Electronic – arduino – Close/open a physical button circuit via Arduino

arduinobutton

I have an electronic dog door that is triggered by an ultra sonic collar on the dog:

The end game is to be able to trigger this door using an arduino.

The door works great from an opening/closing standpoint and sealing out the outdoors. The problem with this detection method is that the collar is bulky for a small dog, requires custom batteries, and is expensive to replace. What I want to do is hack the door to also be triggered with an arduino and an RFID sensor.

There is a button on the door frame that will open the door. Holding it down keeps the door open until you release it. My idea to hack the door is to tap in to that physical button and simulate a push. My arduino will be a separate circuit and could even have it's own spearate power source. I'm not good with circuts but I'm really good with coding. I can code an arduino to detect the rfid tag. But I need to know what circuit I would use around this switch so that I can close and open the button from code. I would then solder my connection to each side of the switch.

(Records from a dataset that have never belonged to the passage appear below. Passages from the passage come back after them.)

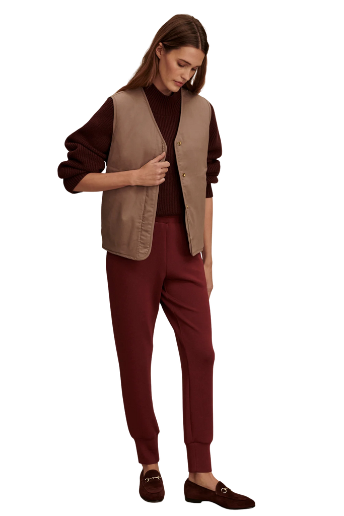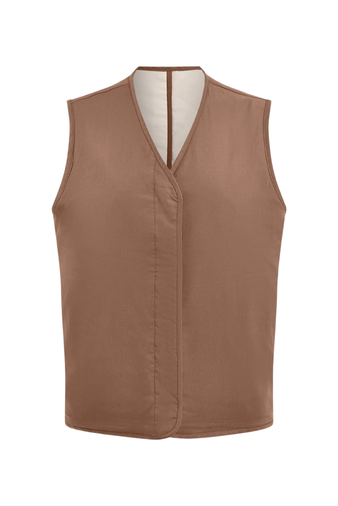 The Lori Gilet is the perfect layering piece for fall, effortlessly worn over chunky knits or lightweight long sleeves. Designed with versatility in mind, it features a reversible construction: one side in Soft Flannel with an onion quilt, contrast binding, and knitted rib pockets, and the other in Soft Touch Twill with a subtle sheen for a minimalist, polished look.
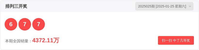排列325025期开奖结果6 7 7,大小比3:0,奇偶比2:1,质合比2:1,和值尾0。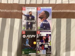 Pacchetto di quattro videogiochi di calcio per Nintendo Switch. - FIFA 21 Legacy Edition - FIFA 22 Legacy Edition - FIFA 23 Legacy Edition - EA SPORTS FC 24 Se qualcuno vuole solo un gioco e non tutti e 4 scriva in privato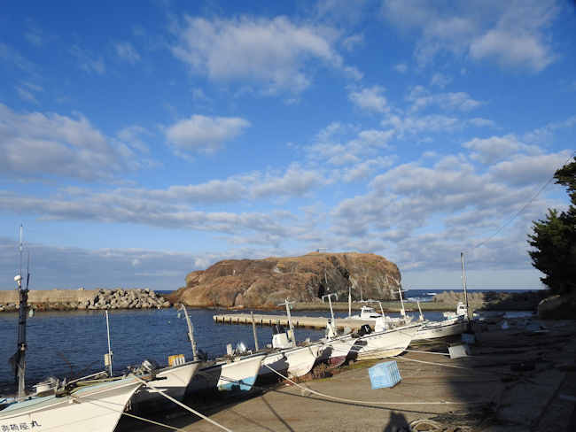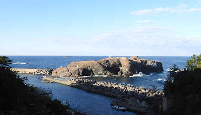 経島はウミネコの繁殖地になっているそうだが、この季節には一羽も見ることができなかった。 |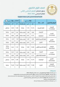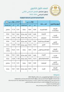 جدول اختبارات نهاية العام الدراسي لطلاب الصف الأول الثانوي
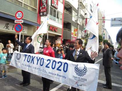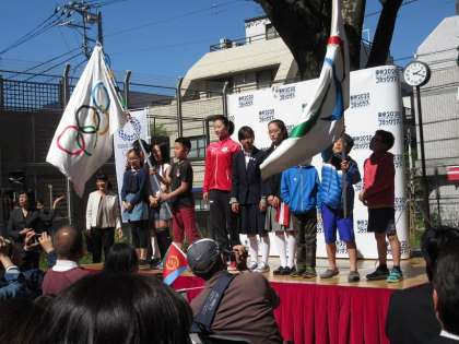 この旗は、2016年10月の小笠原村をスタートし、東京の区市町村を回っています。そのイベントが23日(日)に三軒茶屋で行われました。アンバサダーとして、リオ五輪の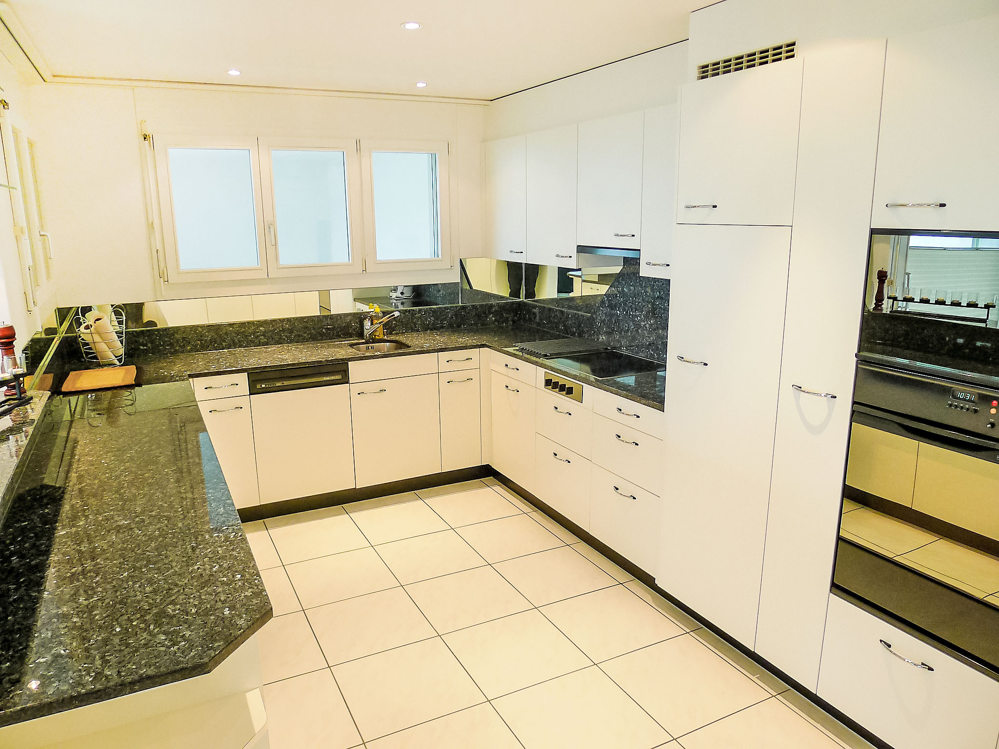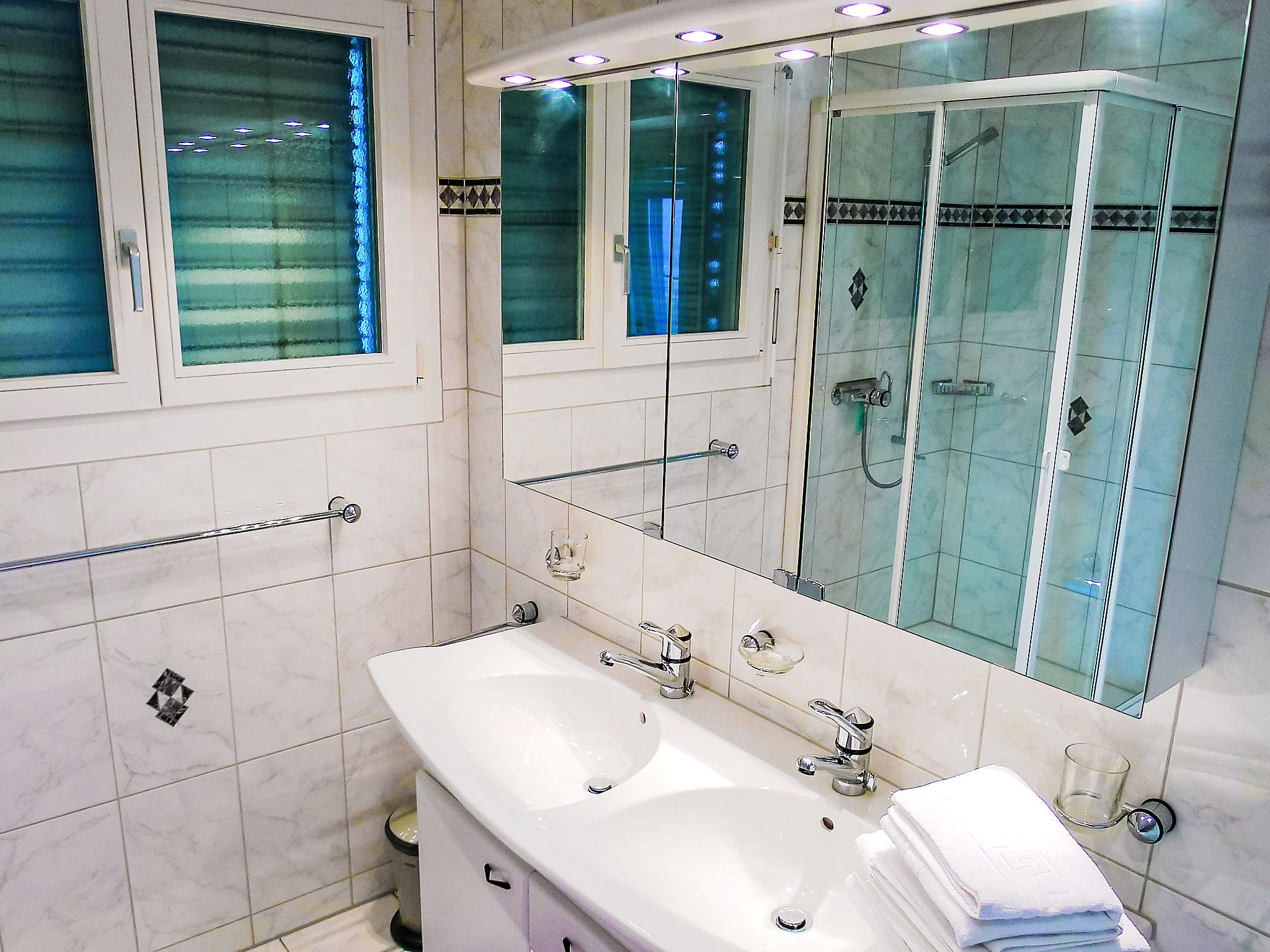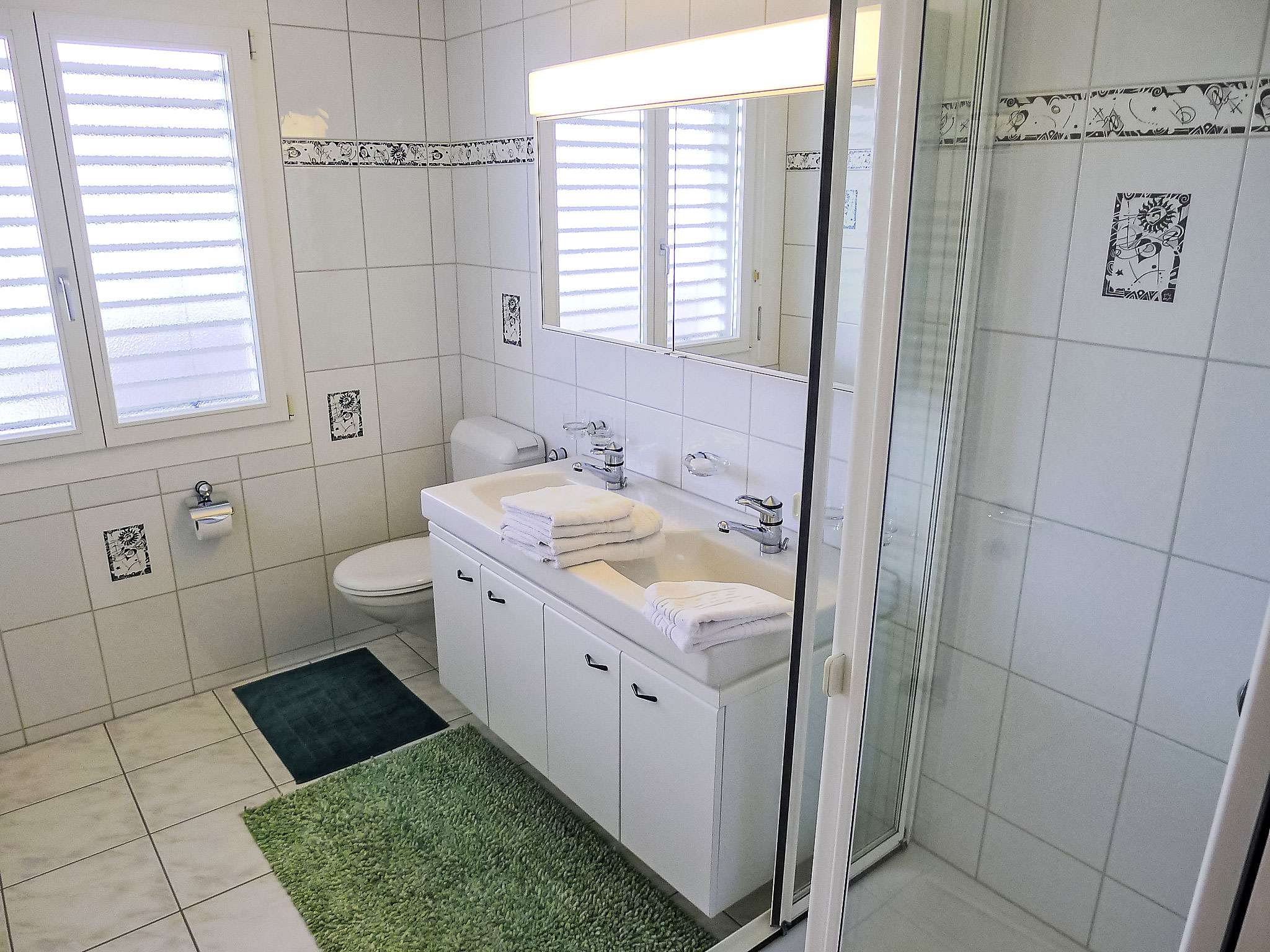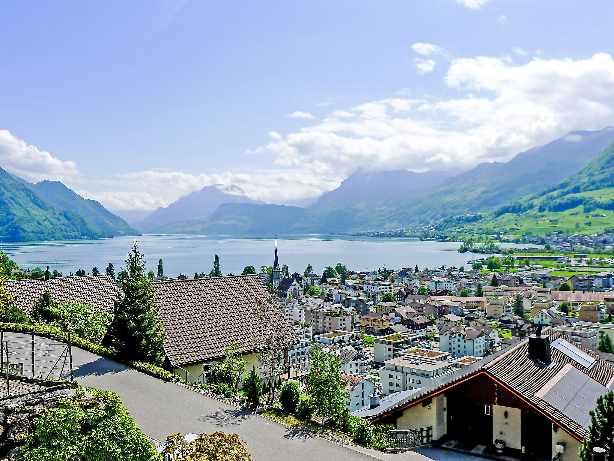 Apt 4 pièces 120 m2 sur 2 niveaux. Partiellement rénové en 2012, aménagement confortable et agréable: séjour/salle à manger avec coin repas, TV (câblée), écran plat et chaîne stéréo. Sortie sur la terrasse. 1 chambre double avec 1 lit double, bain/douche/WC et double vasque. Sortie sur la terrasse. Cuisine ouverte (four, lave-vaisselle, 4 plaques vitrocéramiques, micro-ondes, cafetière électrique, appareil à raclette, service à fondue (fondue au fromage)) avec bar. WC séparé. À l'étage inférieur: salon avec TV (câblée) (écran plat), chaîne stéréo. 1 chambre double avec 1 lit double. Coin cuisine (four, lave-vaisselle, 2 plaques vitrocéramiques, cafetière électrique). Sortie sur la terrasse. Douche/WC. 2 grandes terrasses. Meubles de terrasse, barbecue, chaises longues, jardin d'hiver. Superbe vue panoramique sur le lac, les montagnes et les alentours. A disposition: lave-linge, sèche-linge, fer à repasser. Internet (Connexion WIFI, gratuit). Place de parking près de la maison. Veuillez noter: logement non-fumeur. Veuillez noter: il s´agit de 2 appartements avec une porte communiquante ouverte (CH6373.100.1 +2).

Possibly I'm not providing enough information.

Best Answer

The easiest way to implement a button override function like this is to completely isolate the two systems so that there is no direct electrical connection between them. There can also be unknown things going on with how the control system inside the pet door monitors or scans the switch to be overridden so the best substitute for the switch is to use a dry contact pair. Overall this leads to using a small relay to perform the switch override.

Your goal is to get two small wires soldered into the existing circuit that connect to the two sides of the button to be overridden. These will then go to the NO and COM terminals of the relay (Normally Open and Common). The coil of the relay will want to be driven by an output pin from the MCU. Depending upon the relay selection it may very well be necessary to add a transistor driver circuit between the MCU pin and the relay coil. In any case make sure to not forget the clamp diode that is reverse biased across the relay coil to prevent the high voltage spike that occurs at coil opening time from frying your transistor or MCU pin.